Some models produced smaller errors and consequently were deemed to have performed
better than others with regards to forecasting migration. Notably, the more successful
forecasts were observed when using the more stable data series, such as the migration of
UK nationals, which are less susceptible to unpredictable shocks or policy changes.
From the analysis, there is no particular model that can be considered as conclusively
superior. Instead, it is recommended that any future analysis utilise a three-step approach to
migration forecasting. Namely, future analysis should assess the nature of the migration flow
being forecast, evaluate the available data, and design a bespoke forecasting model for the
given situation. Instead of trying to do the impossible and design the ‘best possible’
migration forecasting method, further work in this area should focus on the ways of
translating uncertain forecasts into policy advice and decisions.

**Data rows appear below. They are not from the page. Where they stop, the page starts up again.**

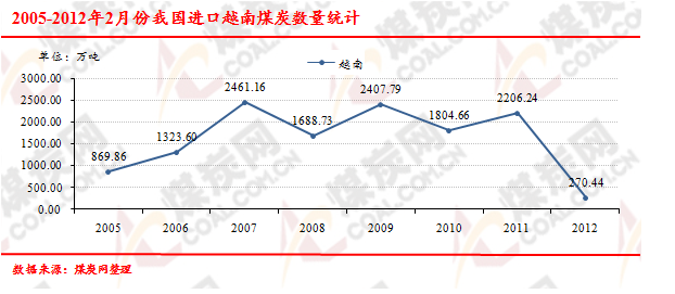 2005-2012年2月份我國(guó)進(jìn)口越南煤炭數(shù)量走勢(shì)統(tǒng)計(jì)
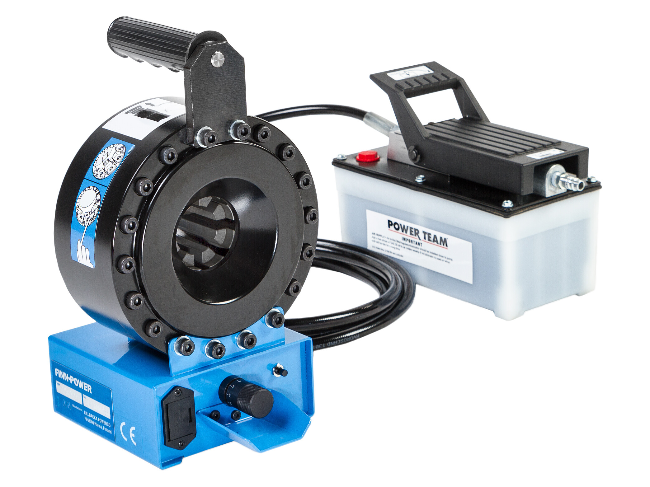 Finn-Power P16APZ is a compact portable hose crimper with air pump. Well-suited for smaller workshops and mobile use as the light weight allows it to be easily carried to any location.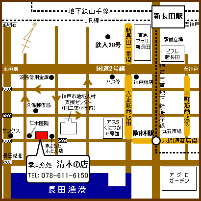 JR・地下鉄山手線・地下鉄海岸線「新長田駅」からお越しの方
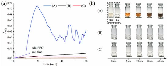 (a) A graph that is a curve of absorbance changes for a wavelength of 475 nm over time, (b) colour pictures of (A) DA-PPO solution, (B) DA-phosphate buffer solution and (C) DA pristine solution within 60 min.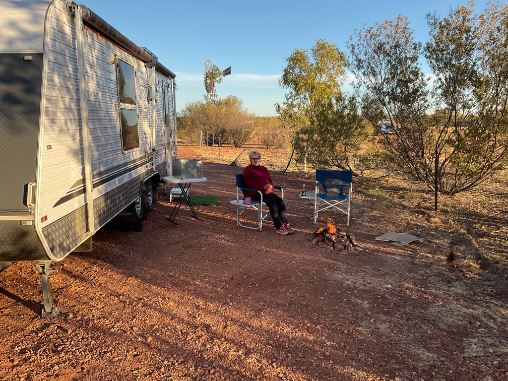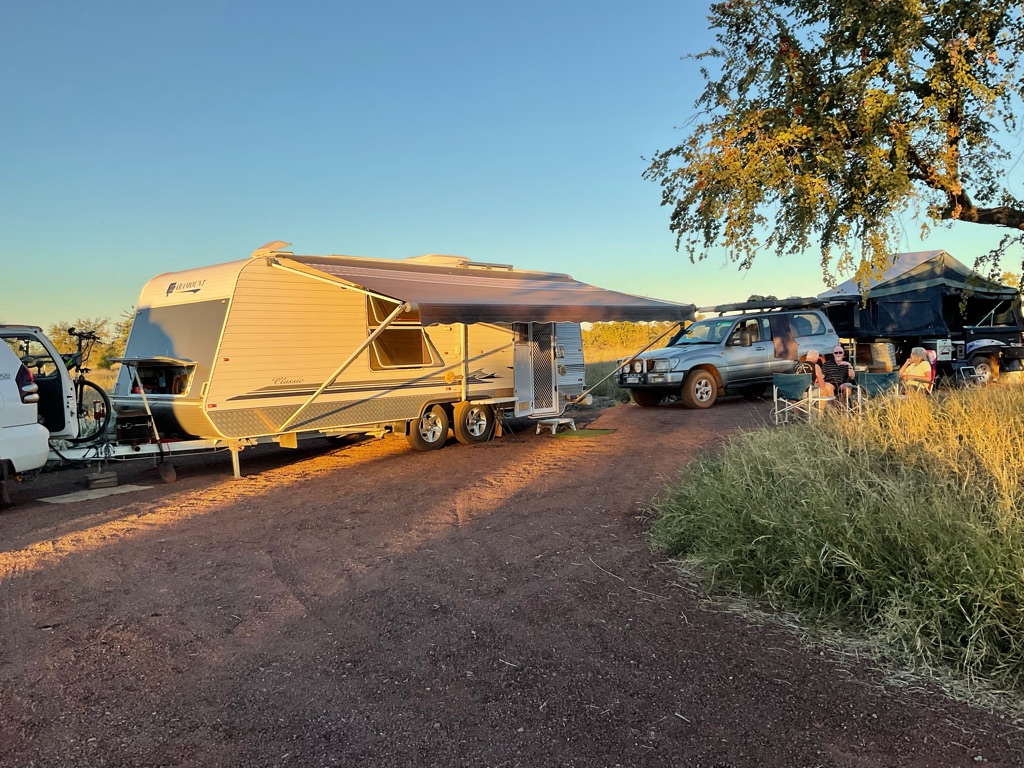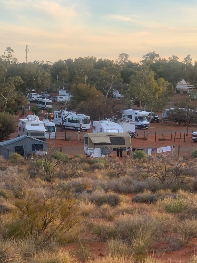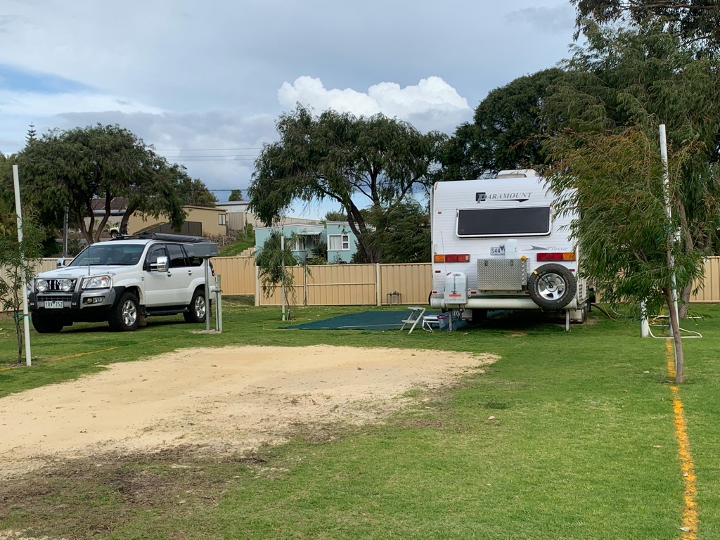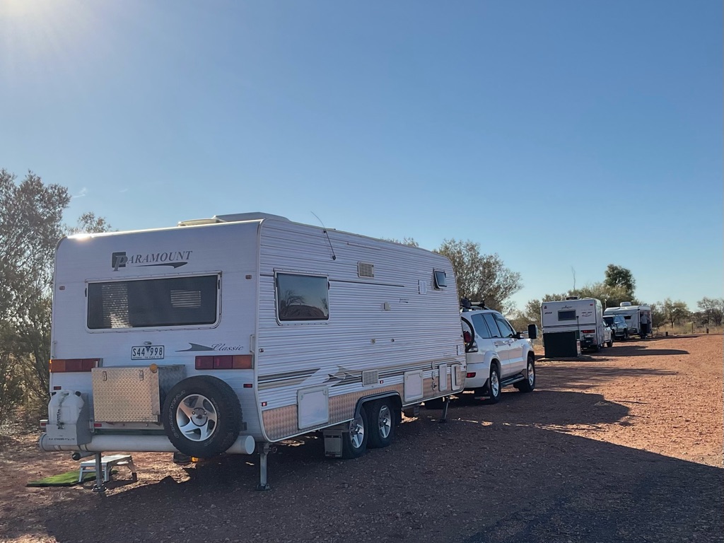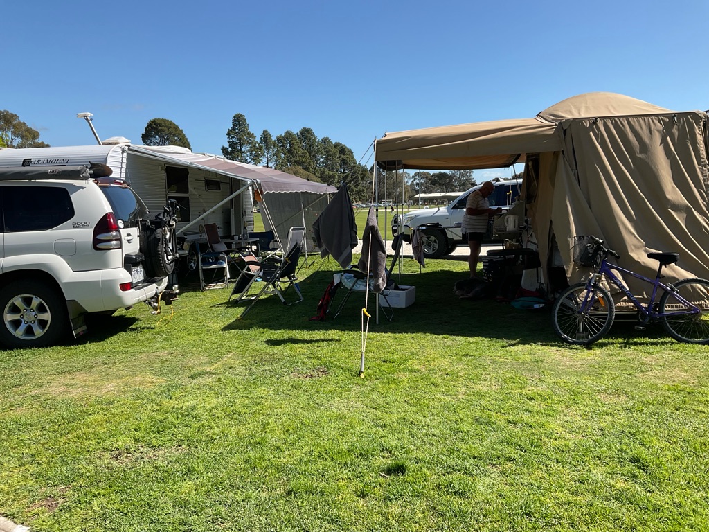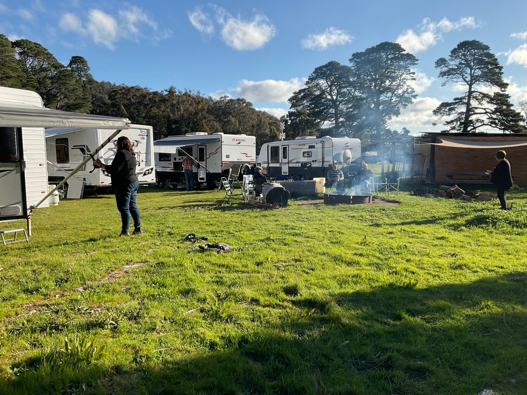 Camp site at Overland Corner. The pub is behind the van over the hill.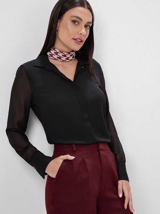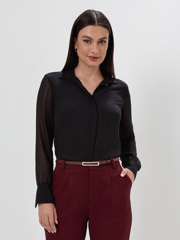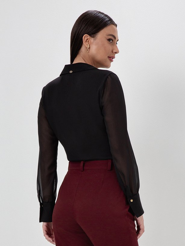 A camisa Tiara é uma peça sofisticada, o seu tecido levemente texturizado no corpo traz um toque elegante e estruturado ao visual. As mangas longas, com transparência, adicionam feminilidade, leveza e um ar sensual sem exagero, equilibrando sofisticação e modernidade. A camisa preta é uma peça versátil e atemporal, podendo ser usada em diversas ocasiões, como trabalho e reuniões formais, eventos sociais e jantares. Pode ser combinada com saias elegantes e calças de alfaiataria, ou até mesmo compor em um look casual chic quando usada com um jeans e mocassim. Para refinar o look, pode ser usada com peças na mesma cor, mantendo um visual minimalista e monocromático.
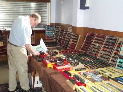 On David's table were two rare Trix Express American sets. The locos in these sets are the very early type with disc wheels. Locos exported to the USA have a red tinplate cowcatcher mounted at the front.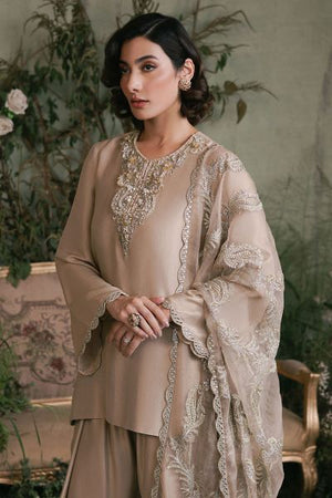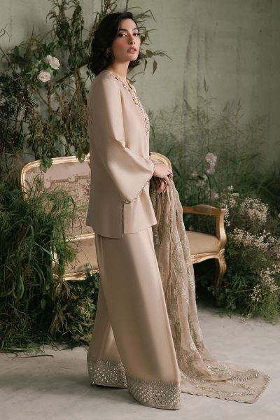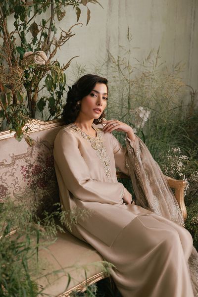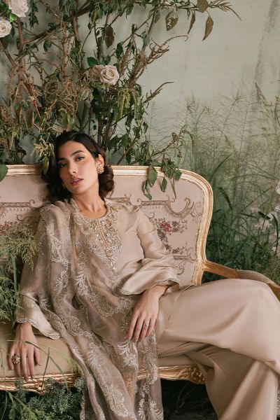 This ensemble features a chic beige raw silk short shirt that exudes elegance and sophistication. The shirt is paired with a classic shalwar, creating a timeless silhouette. Complementing the outfit is a stunning fully embroidered organza dupatta, intricately adorned with delicate embroidery that adds a touch of opulence and grace. The combination of raw silk, organza, and detailed craftsmanship makes this outfit perfect for formal occasions, blending traditional style with a modern aesthetic.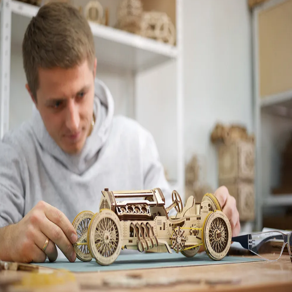 For the fans of vintage race cars and auto race track regulars UGears presents the latest intriguing addition to its vehicle collection: Ugears U-9 Grand Prix Car.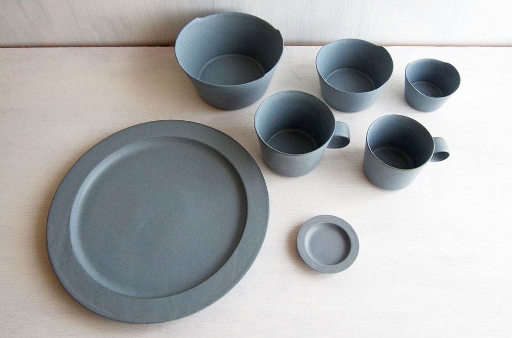 カップが2サイズ(matin、nuit)とプレートが2サイズ(matin、nuit)、ボウルが3サイズ(S、M、L)、店頭に並んでいます。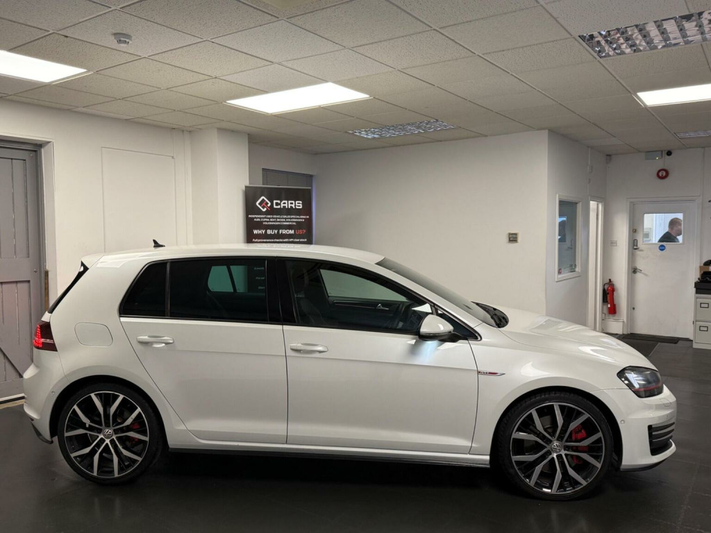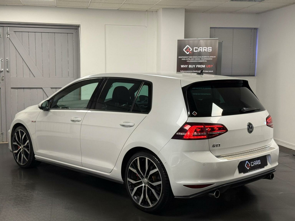 We have just purchased this stunning and very well maintained GTI Performance directly from the previous owner who purchased the car from new - registration WV63 XGY. , This is the 2.0TSI 230ps with 6-speed DSG gearbox in special Oryx white pearl paintwork (£930 option!) with full black leather. Factory extras totalled £8500 as below; , >Performance pack, >19 Santiago alloy wheel upgrade, >Discover Navigation Pro (larger screen), >Keyless entry and start, >Park assist, >Winter pack, >Adaptive chassis control, >High beam assist, >Rear view camera, >Four recent Pirelli P-zero tyres, This GTI has an amazing 12 service stamps as below ALL WITH THE SAME VW DEALER;, 06/11/2014 at 4,382 miles, 14/10/2015 at 8,320 miles, 05/10/2016 at 12,252 miles, 26/09/2017 at 15,601 miles - major service, 11/09/2018 at 17,880 miles, 28/08/2019 at 19,942 miles - major service, 09/09/2020 at 21,489 miles, 31/08/2021 at 22,831 miles, 05/09/2022 at 24,900 miles, 12/09/2023 at 27,084 miles, 03/04/2024 at 28,619 miles - front diff oil change, 12/09/2024 at 29,766 miles, 08/09/2025 at 32,327 miles, We have had all 4 wheels professionally refurbished plus a DSG gearbox oil service completed (due at 40k). , A GTI with this spec, ownership, service history and mileage you may never see again - dont miss out!! , Please do call for more information and to discuss this car in more detail, do also make sure you watch our detailed walk-around video on the video tab in the Gallery! We offer competitive finance options with APRs starting from 9.9% over 2-5 years, and can provide any quotations required. All of this can also be done online. We take any make in part exchange - while we only retail VAG product we will still seek the best value we can for your car. If it is easier you can text or WhatsApp on 07564 053855 or go to our website www.qtcars.co.uk and use the WhatsApp icon. We ensure the car receives a structured mechanical check, 12 months MOT upon arrival and 6 months warranty which can be used at any VAT registered garage nationally. Please take a moment to read our reviews to see what our customers are saying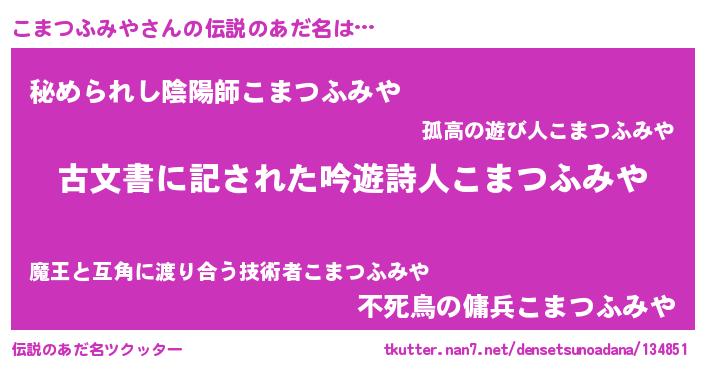 | 意味不明あだ名 | 『永久保存こまつふみや』 |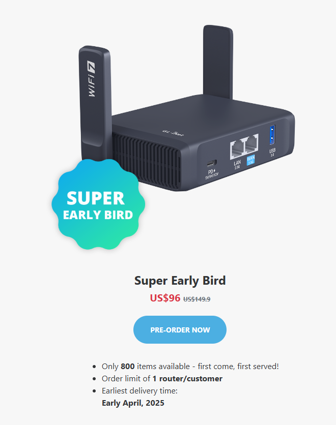 The GLiNet pre-order for the GL-BE3600 Slate 7 for $96 USD

It is imperative that all migration forecasts emphasise the uncertainty involved in the
predictions. This is necessary to transparently acknowledge that migration cannot be
forecasted without substantial error, whilst also providing an account for the possible size of
these errors. Different ways of showing the range of errors are possible, by the means of
probabilities for various ranges of possible outcomes.
Since the probability of a single forecast being correct is extremely low, it is vital that the
uncertainty around migration forecasts is made explicit to decision-makers and the general
public. Emphasising the uncertainty also allows decision-makers to correctly represent the
fact that migration can be affected by a wide range of events, including ‘shocks’, all of which
need to be taken into account as, although they are quite unlikely, their potential impact on
migratory flows could be large.
Executive Summary
Forecasting migration flows is an extremely difficult task, characterised by very high
levels of error, the highest amongst the three components of demographic change (fertility,
mortality and migration). There are many social, economic, political or even environmental
drivers which can impact migration flows: from unemployment, job prospects and wage
differentials, to social networks and various institutions. In particular, migration is very
susceptible to events which are difficult to predict in terms of timing as well as scale of impact,
such as fluctuations in the economic cycle, the incidence of armed conflict, and changes in
policies or political circumstances.
There exists no perfect migration theory that can be used for forecasting purposes.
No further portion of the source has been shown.